Listen to me. Please Listen to me.

African-Americans have a deep-seated distrust of the Police, it's something we will never understand. "We" would think Electing an African-American as President (twice) would help improve the trust factor, but apparently "we" were wrong.

I do not believe the Officer(s) involved were racist, I do not believe they intended to kill George Floyd. But that doesn't matter, the African-American community belives this was some horrifying, overtly-racist act, a "Lynching" and we must listen to what they have to say.

We must listen to what they say, observe the actions they take in response, and we must respond diplomatically: As a Country, we have changed! These are simply bad cops, bad, poorly-trained cops that made one-mistake too many, not racist cops....

_*These*_ are racist Cops...

(Racist Cops don't dare get caught on film, let alone caught on film killing a black man...)


----------



## acklac7 (May 31, 2004)

https://www.chicagoreporter.com/the-us-white-majority-will-soon-disappear-forever/


----------



## acklac7 (May 31, 2004)

Connect the dots. (We have to right our wrongs, we have to change our perception, before it's too late).


----------



## Saugeyefisher (Jul 19, 2010)




----------



## ICENUT (Apr 29, 2008)

someone posted on here who is there to remind these people that they have value and worth.Its not going to be a politician its really a simple word its called PARENTS!!!!!! Also other than the military the police really do put their lives on the line every day and for the most part they are good people and really want to serve the community.there are also many smaller police depts. that your compensation for risking your life is miniscle we pay our super hero jock atheletes hundreds of thousands more. I wonder how the people of Minneapolis would feel if all their police officers resigned today and left them to fend for themselves!! Gee I wonder if they would view them a little different.


----------



## Lewis (Apr 5, 2004)

Dirty cop on a power trip that carried things way too far. He was charged with Floyd's murder and will face justice. I'm sure there are a few dirty black cops across America that have roughed up some white perps too. Most cops black and white are decent people, but as far as the looters and arsonists, we are seeing a cultural problem playing out that might take generations to solve.


----------



## acklac7 (May 31, 2004)

Saugeyefisher said:


>


Come on now, Bobby...


----------



## NCbassattack (May 5, 2014)

My take is that these rioters don't care about the guy that died. Just an excuse to loot and burn..


----------



## FOWL BRAWL (Feb 13, 2020)

billy4prez said:


> Wow, I can't believe what I just read. Have you seen any of the video? He was killed for possibly passing a fake $20 dollar bill and that is about it. I hope it wakes up the thugs with a gun and a badge. I know burning down the city is counterproductive, but how else do you get someone's attention nowadays? Peaceful protests don't work....

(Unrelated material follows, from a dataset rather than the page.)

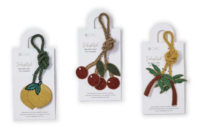 Elevate your bag flair with the charming 2Chic Bag Tie Charms. Handcrafted with exquisite attention to detail, these assorted bag tie charms come in three captivating shapes; palm tree, cherries, and lemons and add a touch of whimsy to any bag. Handmade with glass and cotton, each piece showcases beading and emellishment that evoke a sense of warmth and style.
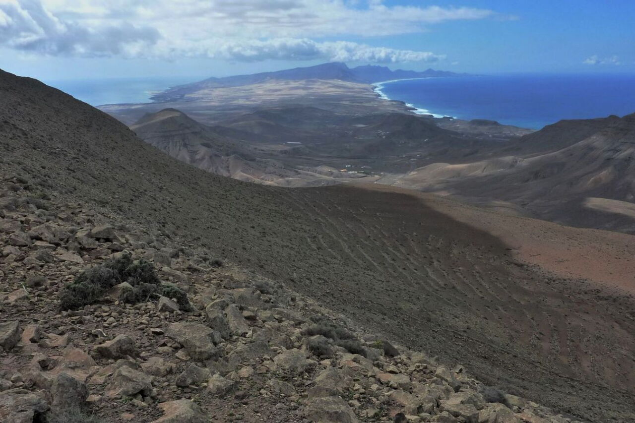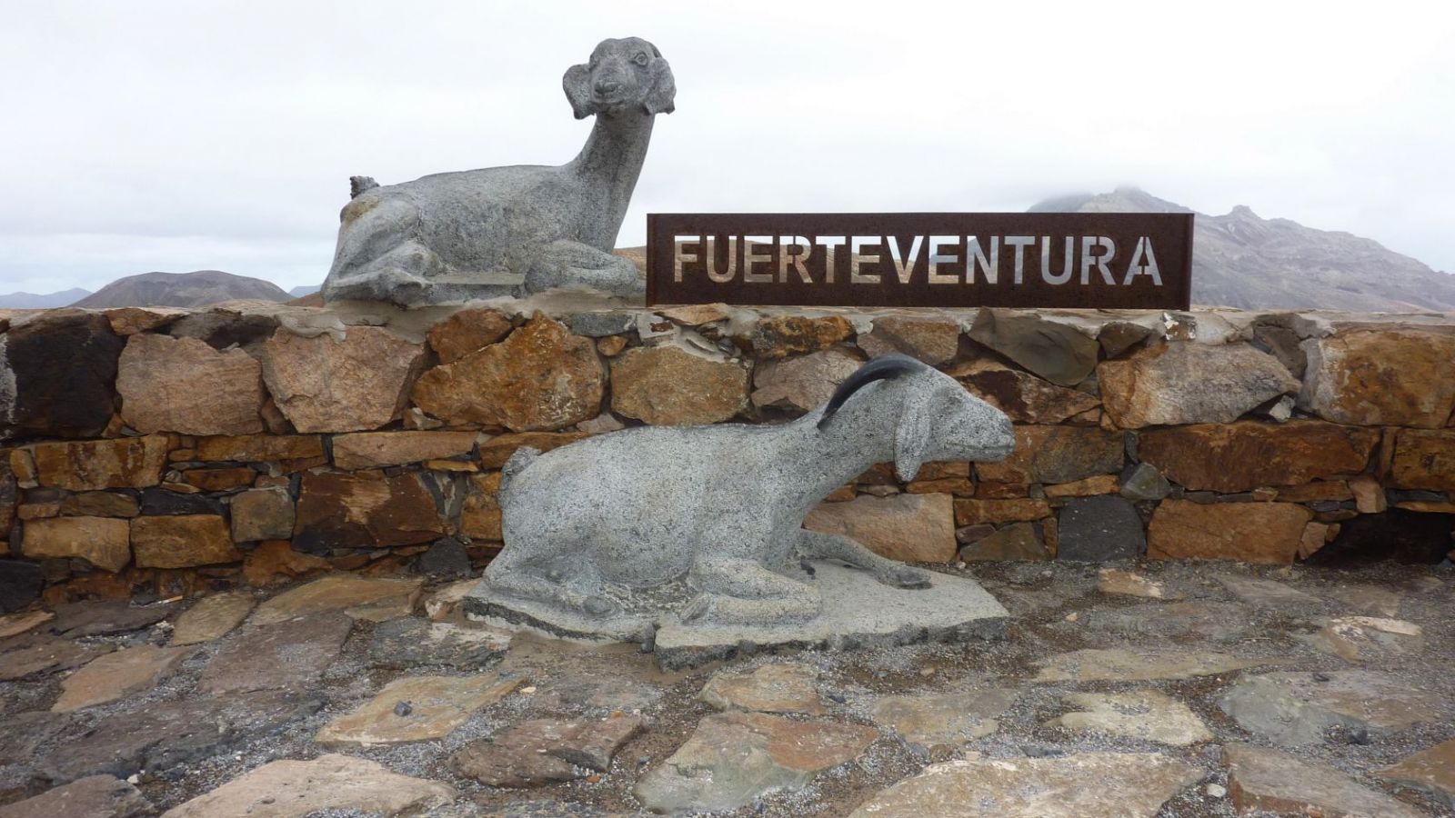 Nach nur 60 Höhenmetern und 410 m Entfernung ist bereits der Mirador (02) Astronomico de Sicasumbre (461 m) erklommen. Am Mirador aufgestellte Ziegenskulpturen des bekannten Bildhauers Juan Miguel Cubas ergeben das perfekte Szenario für ein Urlaubsfoto: im Vordergrund die Ziegen mit Familie und am Horizont die Jandia-Halbinsel mit dem gewaltigen Jandia-Bergmassiv. Am Mirador, direkt neben dem fest installierten Fernrohr und einem kleinen Steinhäufchen, führt auf dem vor uns liegenden Bergrücken ein schmaler Pfad in südliche Richtung talwärts.

How do you get someone's attention nowadays? You either do something negative or positive,YOU DECIDE
How about following the law, and if your being questioned you did or did not do...Stay calm do not resist, do as your asked and be polite.....A pretty small list of things that will make life much easier for EVERYONE involved...........................PERIOD


----------



## Patricio (Feb 2, 2007)

ICENUT said:


> someone posted on here who is there to remind these people that they have value and worth.Its not going to be a politician its really a simple word its called PARENTS!!!!!! Also other than the military the police really do put their lives on the line every day and for the most part they are good people and really want to serve the community.there are also many smaller police depts. that your compensation for risking your life is miniscle we pay our super hero jock atheletes hundreds of thousands more. I wonder how the people of Minneapolis would feel if all their police officers resigned today and left them to fend for themselves!! Gee I wonder if they would view them a little different.

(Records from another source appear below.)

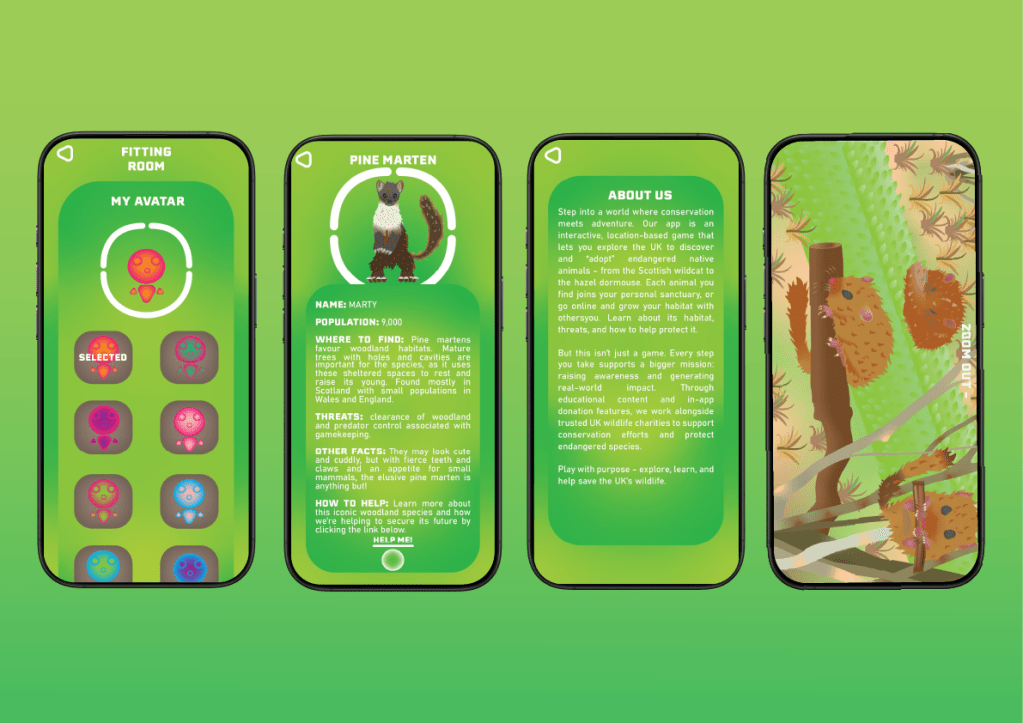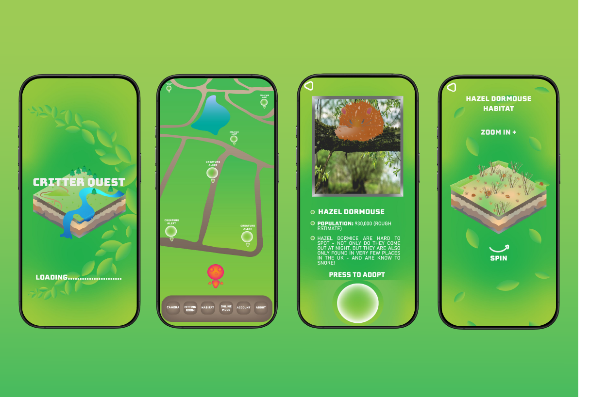 Here is my app idea, Critter Quest. Critter Quest is a mobile app that allows you to travel around the UK to find and adopt endangered animals. You’ll watch your new friends live and grow in their expanding habitats. You’ll also learn ways to help protect these rare animals.
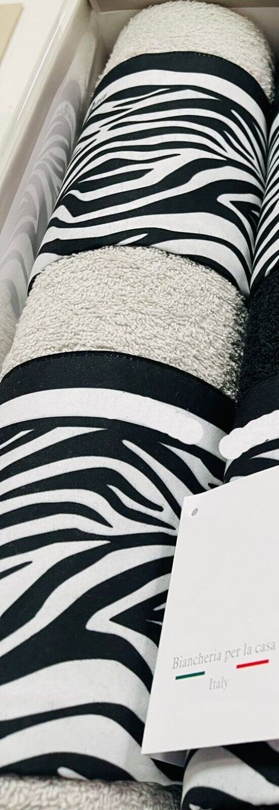 Elegante e ricercata coppia 1+1 asciugamani + Ospite, in Spugna di puro Cotone, tinta Unita con fantasia zebrata.
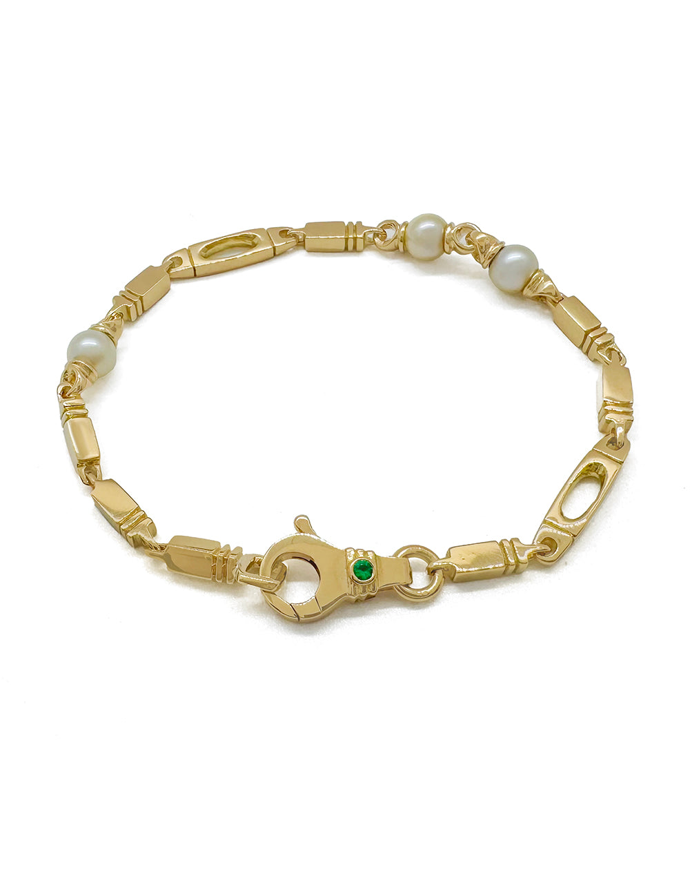The Addai Pearl Bracelet has a sturdy design. Placed delicately around the design are Japanese Akoya pearls, symbolizing femininity and peace.
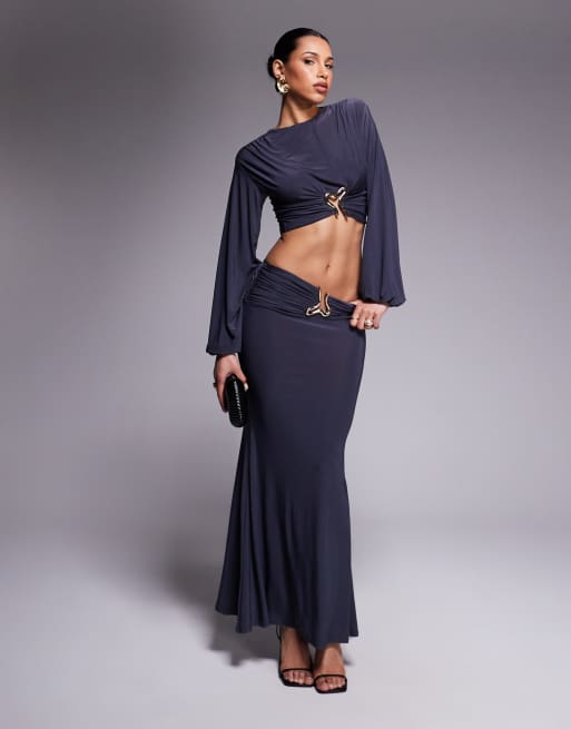 ASOS DESIGN – Set in Dunkelgrau, aus langärmligem, drapiertem Oberteil mit goldenem Detail und Maxirock

at one time, the mayor, fry, questioned whether cops should be carrying guns.


----------



## Muddy (May 7, 2017)

Americans have the right to peaceful protest. Americans don’t have the right to loot, burn, and vandalize public or private property. I feel bad for the business owners who are trying to get back on their feet after the shutdown, now they have broken out storefronts and vandalized business’s to deal with. The people involved in these riots are ignorant thugs. You invoke change by being smart and acting with your mind. These people aren’t interested in that. They are harming their fellow Americans with their stupidity.


----------



## bountyhunter (Apr 28, 2004)

I agree now have the army go stop it NOW,


----------



## ICENUT (Apr 29, 2008)

I f they don't stop it now it will lead to bigger and worse things and will get really ugly down the road.Its time to say enough is enough you riot and loot and risk peoples live you will pay a price


----------



## Bullet Bob (Mar 31, 2020)

We try to follow the rule of law because we work and are vested in our countries success, but these people don’t work or care about others. 
WELCOME TO THE NEW DEMOCRATIC SOCIALIST PARTY
zero bail sanctuary cities and communism for all


----------



## ICENUT (Apr 29, 2008)

How you like our new country Somalia Mogadishu,niger, we are now a 3rd world country with no rule of law.Mayors and politicans are calling on don't stop the rioting don't use force just let them run amok.Please they say its just making it worseREALLY. America is going down the tubes even faster than expected and just wait till the next gang of thugs and progressives take over.


----------



## bobk (Apr 30, 2004)

So much for a peaceful conversation. 

People are screaming for justice. The cop was charged and arrested yesterday yet the destruction and stealing went on again last night. Very disturbing. Once the sun goes down the motive changes very quickly unfortunately. I hope the law enforcement stays safe tonight.


----------



## bad luck (Apr 9, 2009)

Apples/oranges comparing these riots to “Open back up Protests”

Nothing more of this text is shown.